Collected material:

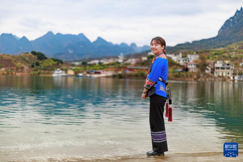 盧丹在鎮寧布依族苗族自治縣六馬鎮致富村的碼頭邊留影(2025年2月20日攝)。
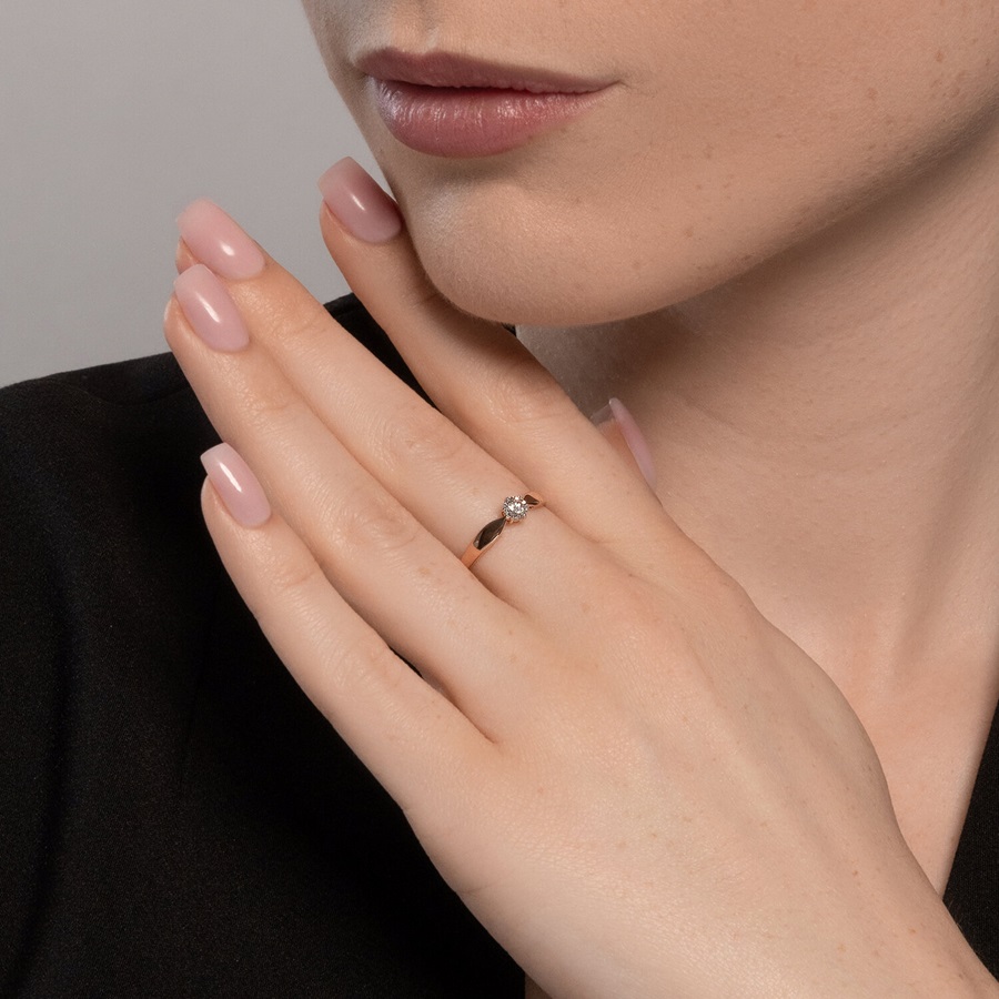 Элегантное кольцо из красного золота 585 пробы с великолепным бриллиантом станет идеальным дополнением женского образа. Утонченное украшение изящно и привлекательно смотрится на руке, изысканный блеск драгоценного камня подчеркнет женственность и чувственность владелицы. Приобретайте кольцо в подарок по выгодной цене в магазинах Мир Золота.
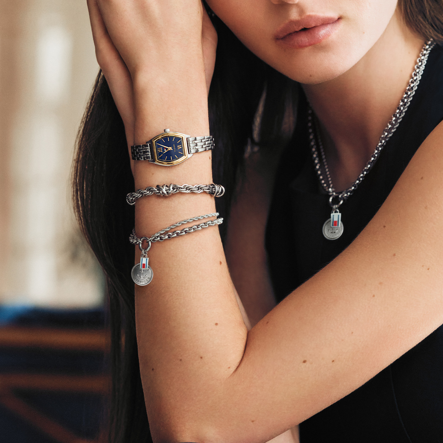 Sinds de lancering van het merk in 1985 is Tommy Hilfiger wereldwijd bekend geworden als pionier van de klassieke Amerikaanse coole stijl. Geïnspireerd door de iconische popcultuur en het Amerikaanse erfgoed. De dames en herencollectie van dit seizoen bestaan uit minimalistische silhouetten en rustieke lederen details. De herenhorlogecollectie biedt iconische uurwerken met roestvrijstalen, lederen en siliconen banden.
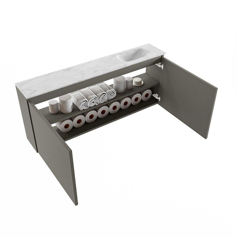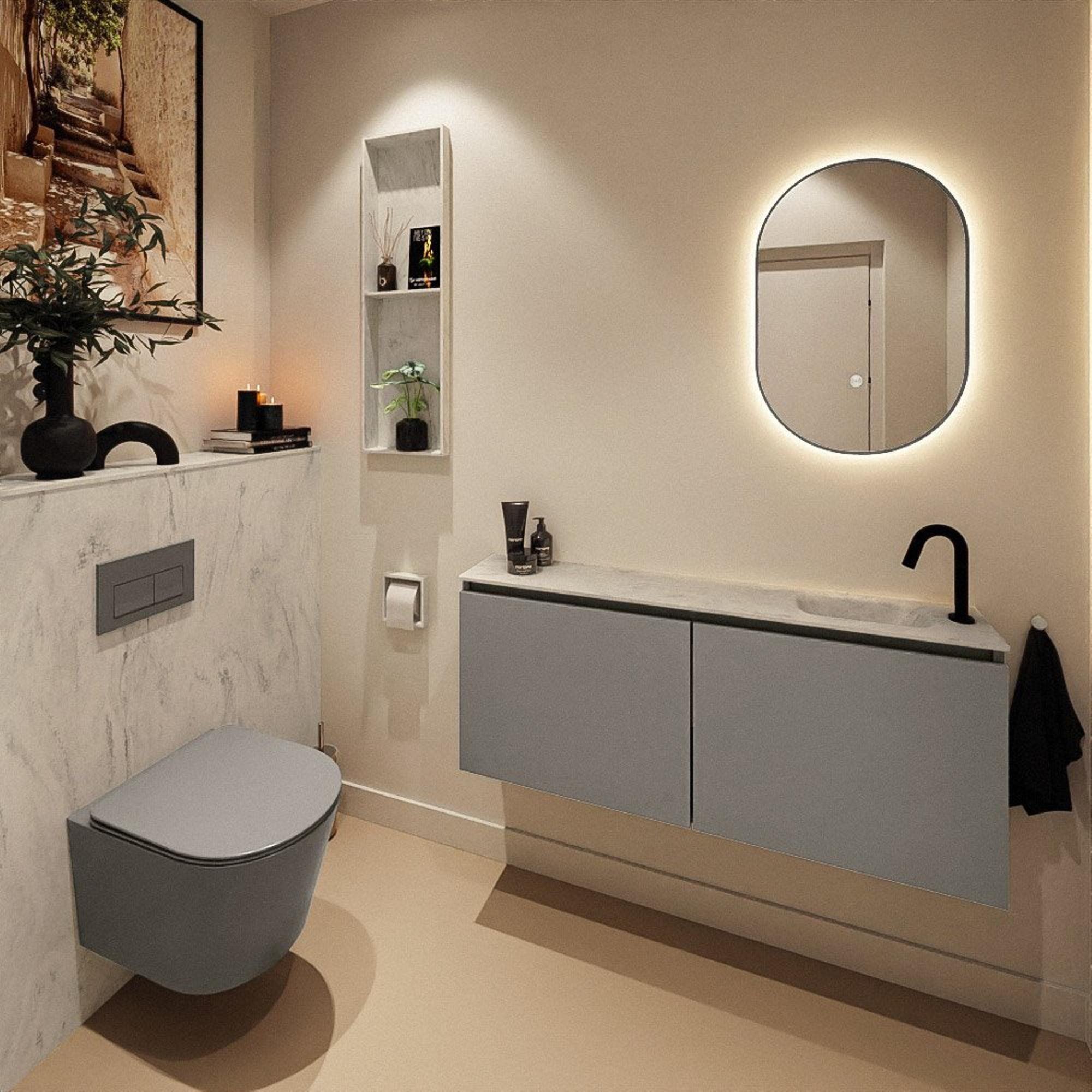 MONDIAZ TURE-DLUX 120cm toiletmeubel Smoke. EDEN wastafel Opalo positie rechts. Met 1 kraangat.

Exercise prompt:
Apart from the images, print all the material above exactly as given.

Written answer:
 盧丹在鎮寧布依族苗族自治縣六馬鎮致富村的碼頭邊留影(2025年2月20日攝)。
 Элегантное кольцо из красного золота 585 пробы с великолепным бриллиантом станет идеальным дополнением женского образа. Утонченное украшение изящно и привлекательно смотрится на руке, изысканный блеск драгоценного камня подчеркнет женственность и чувственность владелицы. Приобретайте кольцо в подарок по выгодной цене в магазинах Мир Золота.
 Sinds de lancering van het merk in 1985 is Tommy Hilfiger wereldwijd bekend geworden als pionier van de klassieke Amerikaanse coole stijl. Geïnspireerd door de iconische popcultuur en het Amerikaanse erfgoed. De dames en herencollectie van dit seizoen bestaan uit minimalistische silhouetten en rustieke lederen details. De herenhorlogecollectie biedt iconische uurwerken met roestvrijstalen, lederen en siliconen banden.
 MONDIAZ TURE-DLUX 120cm toiletmeubel Smoke. EDEN wastafel Opalo positie rechts. Met 1 kraangat.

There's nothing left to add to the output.